“How can I not?” His anguished eyes met mine. “I’m a dead man. I’ll never have you. Not now.”
“Don’t talk like that.” My throat thickened again. “You’ll find a way out of this, and then my father will understand—”
“Your father? He’s the least of our worries.” Diego unzipped his hoodie, balled it up, and tossed it on my reading chair. It slipped over the arm onto the floor. “It’s over, Tali—don’t you see?” He strode back and forth, his muscles straining a black t-shirt each time he thrust his hands in his hair. “Even if I found a way out of this, Costa would never forgive a failure of this magnitude.”
“Then there’s nothing keeping us here,” I said, reaching for him. “We have to go.”
He avoided my eyes as if it was easier to pretend I wasn’t here. “They’ll find us, and when they do, they’ll kill us both. I can’t put you in that position.” Finally, he stopped moving and pinched the inside corners of his eyes. “I’m as good as dead. The only peace I can have now is knowing you’re safe.”
My chest stuttered with a panicked breath. Fear crept into every part of my body. I had known it was bad, but seeing Diego come apart in front of me made everything even more real. He’d never expressed anything close to this level of anguish. “We’ll elope,” I said. “Papá will understand how much I love you, and he’ll find a way to stop the Maldonados. He has that power.”
“He doesn’t,” Diego said. “If he did, he would’ve stopped them already because he . . .” His jaw squared as if he were checking his emotions. “He’s in just as much danger as I am.”
No. My heart fell to my feet. I’d lose the two people who meant the most to me in the world. I put my hands over my face. “They’ll kill him too.”
“I’m sorry.” His voice came out strangled. “I’m so sorry, Tali.”
I wanted to sink into a ball on the floor, but that wouldn’t help. As despair weighed on me, I forced myself to hold it together. I picked up his hoodie to fold it over the arm of my chair. “There has to be another way. There must be.”
“There . . .” He hesitated. “There is.”
I glanced up at him, unsure I’d heard him correctly. “What is it?”

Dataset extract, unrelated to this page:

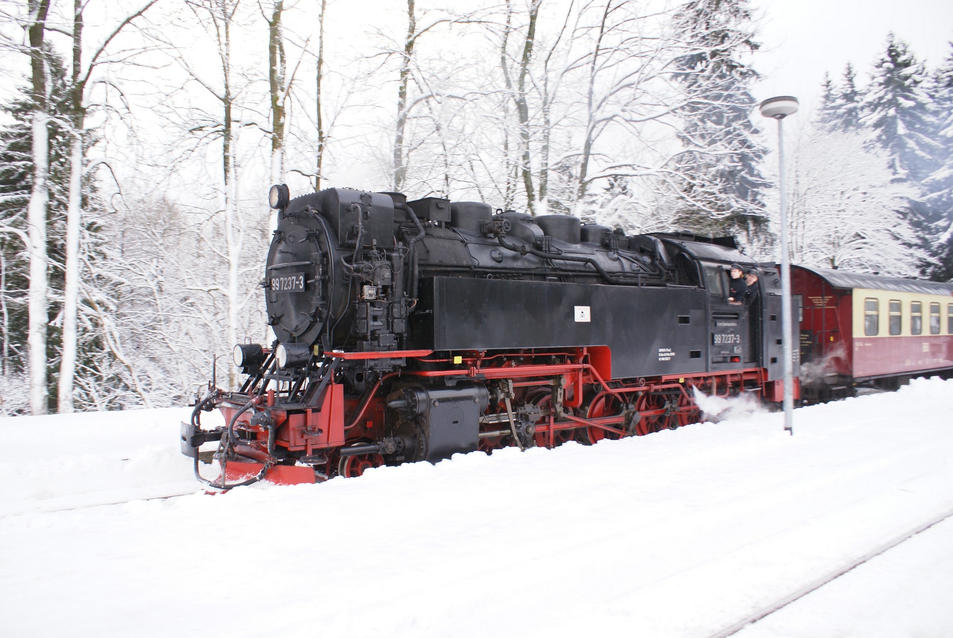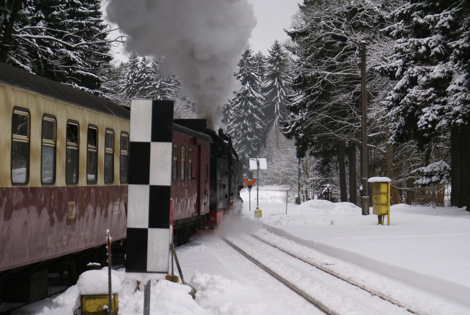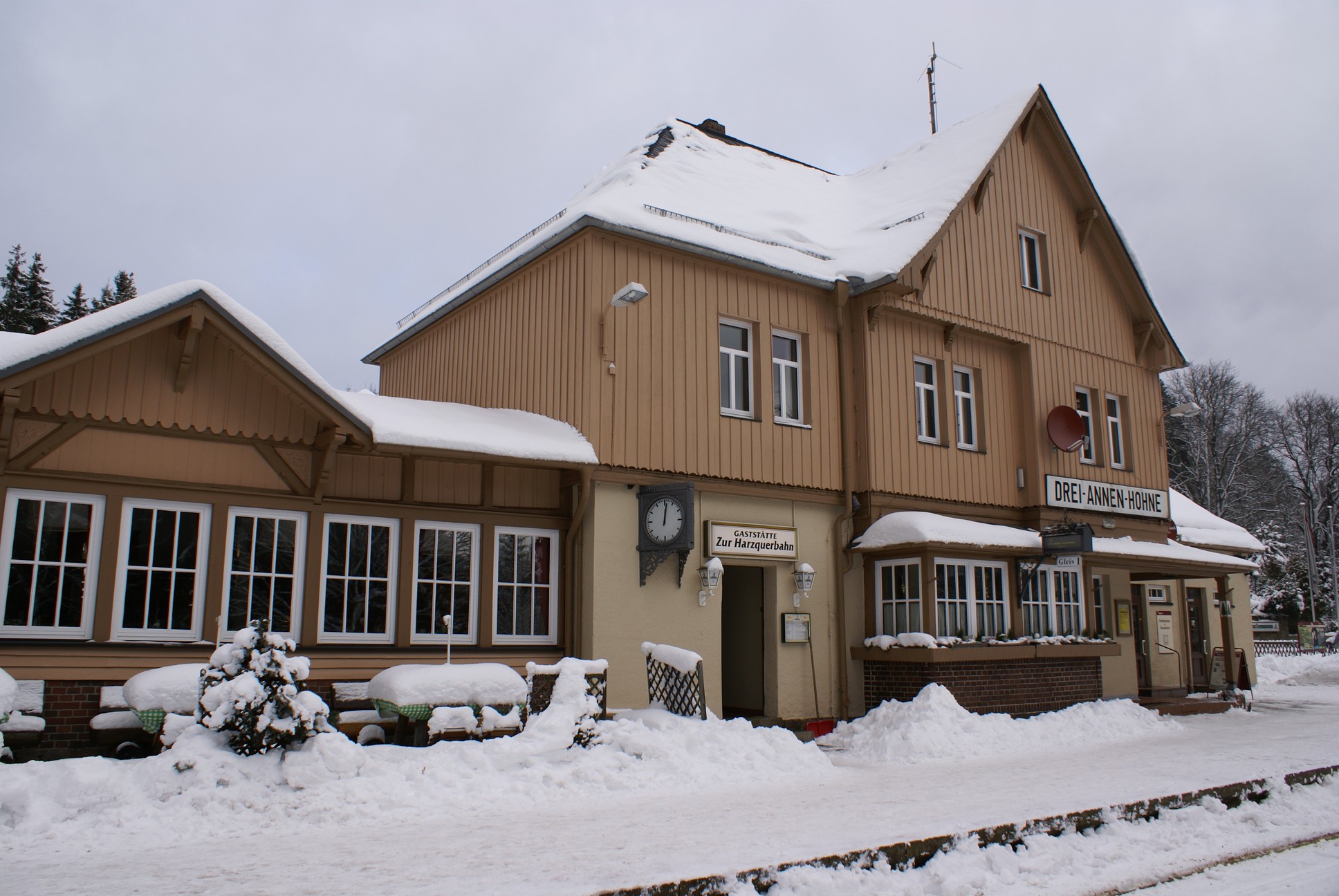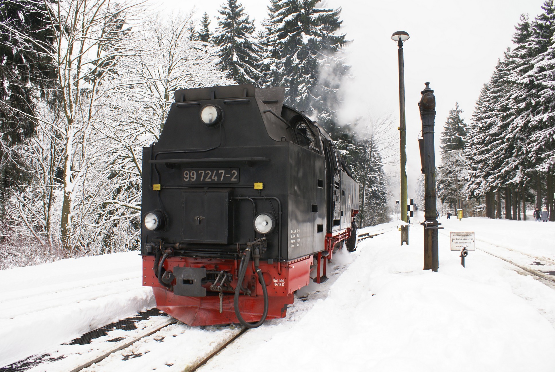 Dringend zu empfehlen ist für Autofahrer die Mitnahme von Schaufel und Besen zur Reinigung eines Parkplatzes! Der Winterdienst ist nämlich micht die besondere Stärke der Stadt Wernigerode!!! Bahnhof Drei Annen Hohne 99 7237 mit dem 8920 aus Nordhausen 99 7247 mit dem 8903 aus Wernigerode 99 7732 mit 8932 vom Brocken |

“It’s not on the table,” he said. “I won’t involve you in any way.”
Me? I could do something? I didn’t care what it was. I hurried over to take his hands. “If I can help, let me. Please.”
He brought the backs of my hands to his lips. “I don’t deserve you. You should walk away now.”
“You must know I’d die for you if it came to that,” I said firmly.
He swallowed, his eyebrows cinching. “Tali.”
“I would,” I said. “Now tell me what can be done.”
With obvious trepidation, he paused for a breath, seeming to struggle to get the words out. “The Maldonados are too powerful. Nobody who would help us can match them. They don’t fear us—but they could.”
Hope surged in me. There was a way—that was all that mattered. Not all was lost. I would take a sliver of hope over nothing. “How?”
“Neither your family nor mine is strong enough to stand against them alone. But together . . .”
Together. Two families standing as one. United.
“You’ve been part of our cartel longer than you haven’t,” I said. “We already stand together.”
“Not officially.”
To bind our families in a legal sense meant . . .
Marriage.
My heart soared. Relief and joy—and a sense of rebellion—spread through me. They thought they could destroy us, but we’d fight back. My father thought he knew better, but he’d see that keeping us apart wasn’t the answer. Taking Diego’s name was not only a privilege, but now it was my destiny. I could save us—and I’d be getting exactly what I’d always wanted.
“We’d be resurrecting my father’s dream of unifying both families,” Diego explained. “We’d stay in the shipping business but unite with weapons and narcotics. Each cartel would benefit from the others’ infrastructure. Pooling our resources, network, and cash, we’d become a formidable front.”
“Father would forbid it,” I cautioned. “He’d never let us go through with it.”
“Once it was done, he’d be forced to see it was the only way. Our houses, united, expands his empire. He’d control the movement of his own drugs and guns—we’d be untouchable.”
“But where do the drugs and guns come from?” I asked.
“Cristiano.”
My stomach dropped. So it had come to that—making a deal with Hades to get another devil off our back. “But he set all of this in motion. Why would he help us?”
“Because it gives him power. Even more than our parents had. More than your father has. More than the Maldonados.” He closed his hands over mine, pressing my palms together as if we were both in prayer. “That was his goal all along, and this is the fastest way to get it. He gains more than he did as Costa’s partner—the protection of family. He knows what it means to bear the Cruz-de la Rosa name.”